Resilience poverty children USA

Economic hardship during childhood contributes to worse mental and physical health across the lifespan. Over the past decade, researchers have begun to highlight the behavioral and biological pathways that underlie these disparities, and to identify protective factors—supportive relationships, for example—that mitigate against their occurrence. In this brief, we summarize some of this recent research and the new challenges it presents. We also make suggestions to inform both policy and practice for youth experiencing economic hardship. In particular, we recommend early intervention on multiple fronts to improve the physical and psychological resilience of children growing up in trying economic circumstances.

Key Facts

  • Economic hardship during childhood contributes to worse mental and physical health across the lifespan.
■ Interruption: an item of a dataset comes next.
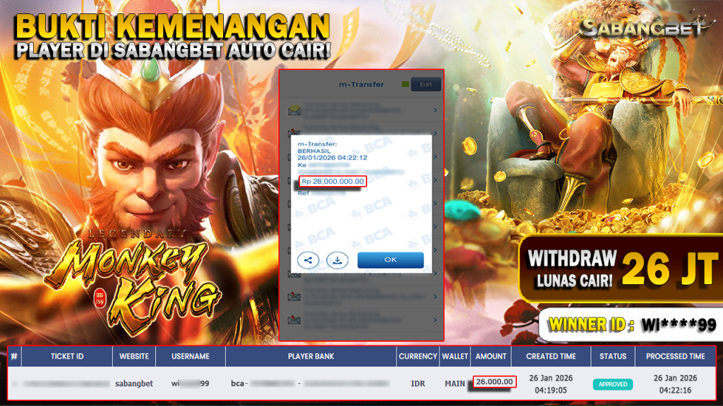 BUKTI KEMENANGAN 26 JANUARI 2026 DI GAME Legendary Monkey King WD 26 JUTA

  • Resilience factors such as supportive relationships are associated with better health prospects for children facing economic hardship.

  • Policymakers should propose new programs, or increase investment into existing programs, to foster resilience among disadvantaged children.

Roughly 21 percent of American children live below the federal poverty level. An even larger share (43 percent) grow up in low-income families that earn less than twice the poverty level.[1] That number rises even higher for members of racial and ethnic minority groups. The consequences of these statistics are profound. In addition to worse outcomes in education, mental health, and criminal justice system involvement, childhood hardship can lead to physical health problems, and to higher rates of morbidity and mortality from multiple conditions across the lifespan.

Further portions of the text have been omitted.